*** Opening of RECORDS SHOWN ***
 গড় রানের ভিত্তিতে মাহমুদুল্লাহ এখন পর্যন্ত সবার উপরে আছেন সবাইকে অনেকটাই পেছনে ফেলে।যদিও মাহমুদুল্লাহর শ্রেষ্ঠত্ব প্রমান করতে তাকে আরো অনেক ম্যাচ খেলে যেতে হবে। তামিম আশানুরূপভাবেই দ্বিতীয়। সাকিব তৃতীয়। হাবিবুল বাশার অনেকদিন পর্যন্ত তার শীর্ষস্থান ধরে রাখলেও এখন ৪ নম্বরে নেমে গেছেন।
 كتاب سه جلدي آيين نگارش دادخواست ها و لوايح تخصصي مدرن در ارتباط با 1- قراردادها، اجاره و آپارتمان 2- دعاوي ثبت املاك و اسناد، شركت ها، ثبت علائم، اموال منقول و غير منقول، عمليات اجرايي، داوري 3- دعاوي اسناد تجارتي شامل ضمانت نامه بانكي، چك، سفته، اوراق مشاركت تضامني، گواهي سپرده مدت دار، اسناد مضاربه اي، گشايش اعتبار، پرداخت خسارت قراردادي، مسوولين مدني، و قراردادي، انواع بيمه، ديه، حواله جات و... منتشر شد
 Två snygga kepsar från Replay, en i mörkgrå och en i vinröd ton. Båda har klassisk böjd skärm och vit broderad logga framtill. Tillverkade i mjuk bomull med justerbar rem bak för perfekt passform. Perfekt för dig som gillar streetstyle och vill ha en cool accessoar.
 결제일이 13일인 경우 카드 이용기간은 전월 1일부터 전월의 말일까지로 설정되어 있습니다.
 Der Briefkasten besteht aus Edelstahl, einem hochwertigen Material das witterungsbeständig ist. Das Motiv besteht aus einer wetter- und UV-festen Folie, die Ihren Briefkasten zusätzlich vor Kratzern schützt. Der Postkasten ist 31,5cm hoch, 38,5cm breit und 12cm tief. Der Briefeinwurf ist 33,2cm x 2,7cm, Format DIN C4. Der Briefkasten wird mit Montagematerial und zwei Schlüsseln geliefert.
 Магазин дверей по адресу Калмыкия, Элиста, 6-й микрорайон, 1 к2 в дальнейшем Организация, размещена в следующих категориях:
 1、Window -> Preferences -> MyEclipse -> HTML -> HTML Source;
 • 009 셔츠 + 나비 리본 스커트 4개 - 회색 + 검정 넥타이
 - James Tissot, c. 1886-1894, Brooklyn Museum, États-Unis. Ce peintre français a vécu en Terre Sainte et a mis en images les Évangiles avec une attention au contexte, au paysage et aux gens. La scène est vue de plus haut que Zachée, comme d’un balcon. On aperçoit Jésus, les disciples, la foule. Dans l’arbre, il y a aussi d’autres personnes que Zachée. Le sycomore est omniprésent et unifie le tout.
*** Close of RECORDS SHOWN ***
This task calls for every entry above to be transcribed exactly.

 গড় রানের ভিত্তিতে মাহমুদুল্লাহ এখন পর্যন্ত সবার উপরে আছেন সবাইকে অনেকটাই পেছনে ফেলে।যদিও মাহমুদুল্লাহর শ্রেষ্ঠত্ব প্রমান করতে তাকে আরো অনেক ম্যাচ খেলে যেতে হবে। তামিম আশানুরূপভাবেই দ্বিতীয়। সাকিব তৃতীয়। হাবিবুল বাশার অনেকদিন পর্যন্ত তার শীর্ষস্থান ধরে রাখলেও এখন ৪ নম্বরে নেমে গেছেন।
 كتاب سه جلدي آيين نگارش دادخواست ها و لوايح تخصصي مدرن در ارتباط با 1- قراردادها، اجاره و آپارتمان 2- دعاوي ثبت املاك و اسناد، شركت ها، ثبت علائم، اموال منقول و غير منقول، عمليات اجرايي، داوري 3- دعاوي اسناد تجارتي شامل ضمانت نامه بانكي، چك، سفته، اوراق مشاركت تضامني، گواهي سپرده مدت دار، اسناد مضاربه اي، گشايش اعتبار، پرداخت خسارت قراردادي، مسوولين مدني، و قراردادي، انواع بيمه، ديه، حواله جات و... منتشر شد
 Två snygga kepsar från Replay, en i mörkgrå och en i vinröd ton. Båda har klassisk böjd skärm och vit broderad logga framtill. Tillverkade i mjuk bomull med justerbar rem bak för perfekt passform. Perfekt för dig som gillar streetstyle och vill ha en cool accessoar.
 결제일이 13일인 경우 카드 이용기간은 전월 1일부터 전월의 말일까지로 설정되어 있습니다.
 Der Briefkasten besteht aus Edelstahl, einem hochwertigen Material das witterungsbeständig ist. Das Motiv besteht aus einer wetter- und UV-festen Folie, die Ihren Briefkasten zusätzlich vor Kratzern schützt. Der Postkasten ist 31,5cm hoch, 38,5cm breit und 12cm tief. Der Briefeinwurf ist 33,2cm x 2,7cm, Format DIN C4. Der Briefkasten wird mit Montagematerial und zwei Schlüsseln geliefert.
 Магазин дверей по адресу Калмыкия, Элиста, 6-й микрорайон, 1 к2 в дальнейшем Организация, размещена в следующих категориях:
 1、Window -> Preferences -> MyEclipse -> HTML -> HTML Source;
 • 009 셔츠 + 나비 리본 스커트 4개 - 회색 + 검정 넥타이
 - James Tissot, c. 1886-1894, Brooklyn Museum, États-Unis. Ce peintre français a vécu en Terre Sainte et a mis en images les Évangiles avec une attention au contexte, au paysage et aux gens. La scène est vue de plus haut que Zachée, comme d’un balcon. On aperçoit Jésus, les disciples, la foule. Dans l’arbre, il y a aussi d’autres personnes que Zachée. Le sycomore est omniprésent et unifie le tout.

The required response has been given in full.